顔を合わせたブリーフ博士がブルマに訊く。

「あたしが用意してたケースでしょ? さっきベジータが持っていったわよ」

「そいつは困ったな」

「なにが?」

「わしがうっかり、ケースを取り違えていたみたいで」

父親が差し出したカプセルケースを確認してみれば、ブルマがベジータの修行用に食糧などを入れたカプセルが入っていた。

「…じゃあ、ベジータが持っていったのって――――」

訊かずとも、中身が何であるのか容易に想像がつく。沈黙が支配すること寸刻、ブリーフ博士は大きな息をついて、

「あとは頼んだよ」

娘にすべてを丸投げした。怒気を漂わせたベジータから電話がかかってきたのは、それから数時間後の話。

 

CASE‐2 ビーデルの場合

初めて悟飯の家へ電話をかけることになったビーデルは、深呼吸して相手の電話番号を押した。五回のコール音のあと、『はい、孫です』というチチの声。

「あ…あのっ、ビーデルですけど」

緊張のあまり言葉が詰まる。悟飯くんいますか、と続きが出てこない。その間にチチは、ビーデルに対して根掘り葉掘りの質問攻め。『悟飯とはいつ結婚するんだ?』と一方的な会話に終始したため、肝心の用件を言えないまま電話を切る羽目になった。

数刻後、気を取り直して電話をかけてみれば、今度は悟天が応答する。

「悟飯くんに代わってくれる?」

『にいちゃんに? うん、わかった。ちょっと待って』

そこまでは順調にいったのだが、置きっぱなしにした受話器から、『にいちゃん。あれ、どこ行ったのかな?』、『悟天、裏山まで晩メシ取りに行くぞ』、という会話が聞こえ、忘れ去られた電話にはだれも出ることはなかった。

再び数刻たって、今度はチチや悟天が出ないように祈りながら電話をかける。十数回のコール音がして、『おーい、電話だぞ』という声が聞こえた。

『だれもいねえのか? 仕方ねえなあ』

「あの、もしもし?」

『ん? だれだ? オラ悟空。今さあ、チチも悟天もいねえんだ』

どうやら今回は、悟飯の父親が出たようだ。

「…ビーデルですけど、悟飯くんいますか?」

『ビーデル? …ああ、ミスター・サタンの』

「はい。その節は父がいろいろと…」

『ブウは元気にやってるか?』

「ええ、拾った犬と仲良く暮らしてます。それで悟飯くんは…?」

『悟飯? あ、そういえばおめえ、悟飯の彼女なんだよな!』

「えっ! いえ、まだその…」

予想外の話にビーデルは慌てふためき、ぎこちなく取り繕いながら電話を切った。マイペースすぎる孫家の人々が相手では、肝心の用件を果たすことは極めて困難。ビーデルは疲れた表情で肩を落とした。

 

CASE‐3 クリリンの場合

クリリンは緊張の面持ちで電話の前に立った。気が向いたとき、ふらりとカメハウスに現れる十八号から、ようやく電話番号を教えてもらえたのが一週間前。何度もためらった末、震える指で番号を押す。脳内では、シミュレーションを重ねた会話が繰り返されていた。

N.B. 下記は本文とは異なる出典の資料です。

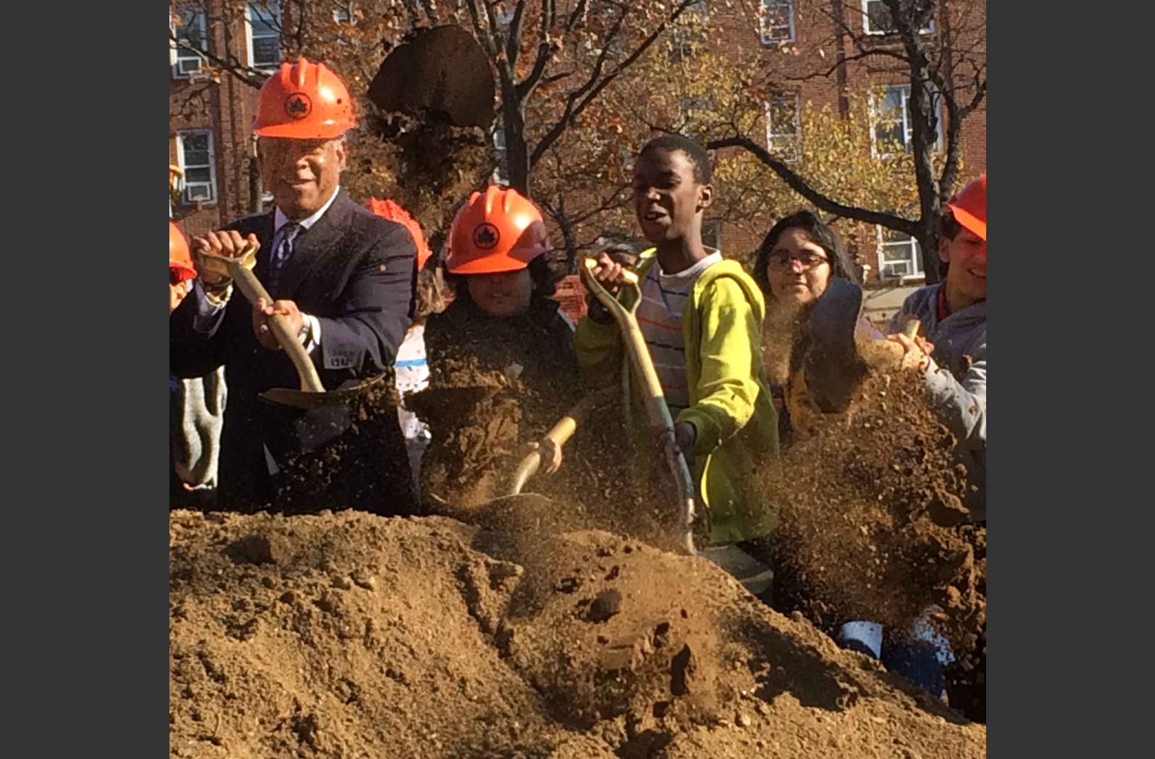 lyons-groundbreaking ← Previous Next → Parks Commissioner Mitchell Silver breaks ground at Lyons Square with the help of local students

数回のコール音。そして受話器の上がる音がして、電話がつながった。

「あ、あの…オレ、クリリンだけど…!」

目をつむって、一気に口走る。しばらくの沈黙。クリリンが怪訝そうに薄目を開けると、やがて静かな口調が返ってきた。

『ああ、チビのハゲか。何の用だ?』

男の声にハッとした。十七号だ。十八号が出ると想定していたため、会話が続かない。

「ええと、その」

『用がないなら切るぞ』

「ま、待ってくれ! あの…じゅ、十八号は?」

必死に搾り出した用件に、クリリンは相手の反応を恐れた。もし、取り次いでもらえなかったらどうしよう。

『いるぞ。――――おい、十八号。電話だ』

受話器の向こうから『だれ?』と訊ねる声が聞こえる。『チビのハゲからだ』と十七号が答えたところで怒涛の足音。『人の電話、勝手に出るんじゃないよ』と揉めている気配が伝わってきた。おそらくは受話器をひったくった十八号が『なんだ?』と告げる。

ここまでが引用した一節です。